The hon. Lady was a brilliant co-chair with me for all those years; we agreed on most things even though there is a tiny number of things we do not agree on. The hon. Lady is absolutely right. I have a constituent who has now turned 18, although it is not the THC but another medical component that particularly helps her. People come out of the care of one part of the health service and there is a little bit of a transition period but there is very little research on the evidential base going forward, and we need to do that research.

Let me touch for a second on what has been said to me by senior medical people in the Department of Health and Social Care. They said, “We need to do trials, Mike. We need to use placebos. We need to find out whether this actually works or whether it doesn’t work.” What parent on this planet is going to take their child off a medication that actually works, with the risk that they may get a placebo, have a seizure and die? Is that where we are in the 21st century, really and truly?

We had a statement earlier from the Minister for Covid Vaccine Deployment, my hon. Friend the Member for Stratford-on-Avon (Nadhim Zahawi). We are a world leader in doing medical things. We have done things in this country around the vaccines that no one dreamed possible, yet we are talking about giving placebos—and those people were serious. I can tell the House that the parents were very serious, too. I cannot repeat some of the comments I got from some of the parents, but they quite rightly said—I will speak politely on their behalf—“Not in a million years.” Let us put it in those terms.

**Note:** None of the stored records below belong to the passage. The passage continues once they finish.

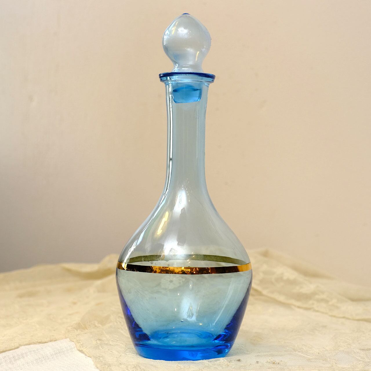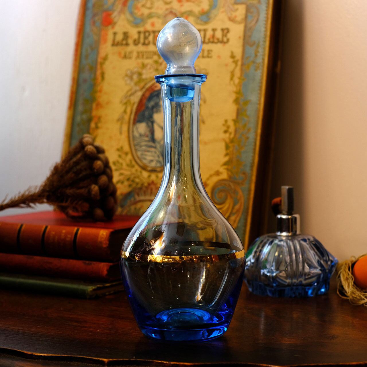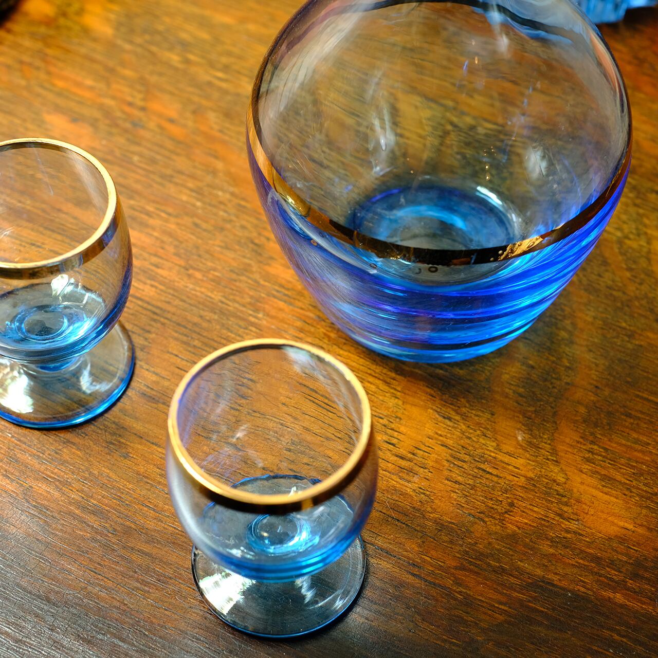 デッドストック ブルーチェコガラス デキャンタ+リキュールグラスセット【anfa00261】
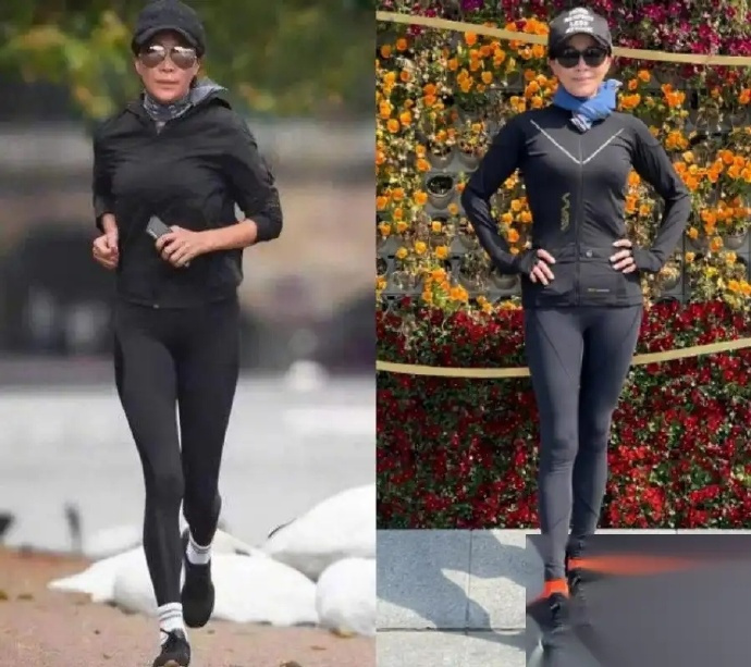 58岁的刘嘉玲户外晨跑,穿紧身裤不遮臀部,网友:还真没一点老人样
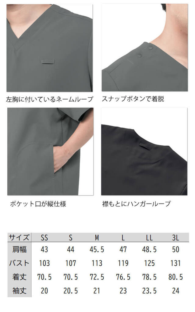 繊維上の特定のウィルスの数を減少させ、細菌の増殖を抑制する、安全性の高いスクラブ。「抗ウィルス性」と「制菌性」を保持し、特定のウィルスの数を99%以上減少させます。シワになりにくく、洗濯後も乾きやすいイージーケアの素材です。制電糸入りで、ホコリを寄せ付けません。繰り返し洗濯しても色が落ちにくいため、きれいな色合い・シルエットを保ちます。
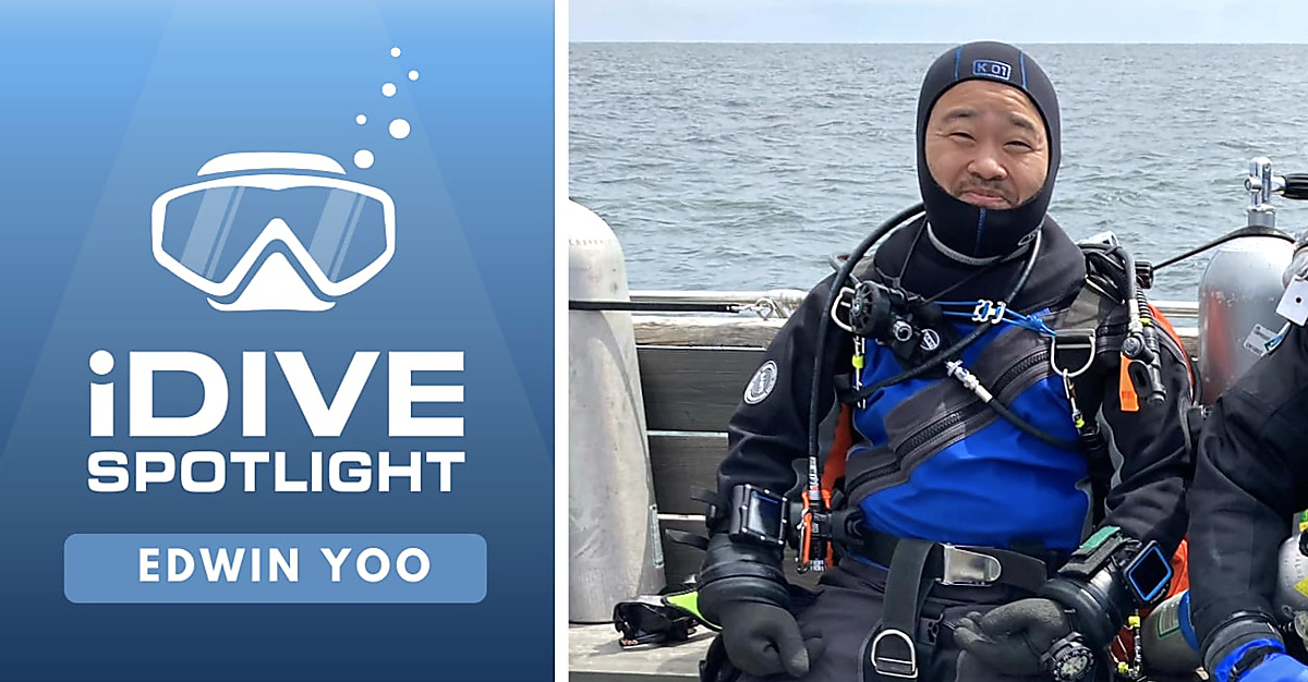 In 2002, a few years after graduating college, Edwin had a trip planned for Costa Rica. It was then that he decided to get Scuba Diving certified in Somerville, MA. He recalls the certification dives in Rockport, MA that were brutally cold despite the 7mm farmer john wetsuit and three finger gloves. The visibility must have been less than 5 feet and he thinks he saw one striped bass. Despite the miserable experience, he was hooked by the incredible experience of breathing underwater, but he vowed never to dive in New England again.

I know that the Minister will do her level best, but this is not about the Government taking over Epidiolex. Yes, they need to pay for research—I absolutely agree with the hon. Member for Inverclyde (Ronnie Cowan) about that—and research in this area could change the whole way that pain is addressed and perhaps get us away from using so many opioids, but this is actually just about having trust in the expert who has written the prescription for a child who may well die if he does not get that oil with the THC component on prescription.

Tonia Antoniazzi 

I am sorry for intervening on the right hon. Gentleman again. The NHS keeps asking experts, but those experts are not experts in medical cannabis; they are experts in the condition of epilepsy but have no insight into that. Where is the foresight and vision to help these children with intractable epilepsy?

Sir Mike Penning 

I alluded earlier to the narrow-mindedness of people who have taken an oath to protect people and protect children. No one, I would have thought, goes into the medical profession to hurt people, but at the end of the day, we have a group of children—not thousands, but a small group—whose parents are crying out, “Please listen to my specialist. Please listen to me, as a parent trying to save my child’s life.”

Alberto Costa 

I thank my right hon. Friend for the good work that he did as my predecessor on the APPG. Does he agree that, given that there is such a small number of children across the country who suffer from severe forms of epilepsy, a temporary measure would be for the Government to be bold and simply cover the cost of private prescriptions until we develop the proper framework, along with the science that demonstrates conclusively the efficacy of this medicine?

Sir Mike Penning 

I could not agree with my hon. Friend more strongly. That was what we did in the Home Office, which is why Alfie and some of the other children got their prescriptions paid for by the NHS. We set the committee up and we did it. I say again that I feel personally guilty, because we worked in all good faith to get the issue across to the Department of Health and it still has it, and those parents feel guilty, because they feel that other children should be having the benefits that Alfie is getting.

Surely, given the will of this House, the will of the Government, the will of previous Prime Ministers, the cross-party support, the fact that the previous Health Secretary came and met the parents here in the House and made them a commitment, and the fact that the Home Secretary who changed the legislation is now the Health Secretary, it must be a no-brainer. Let us look after these kids.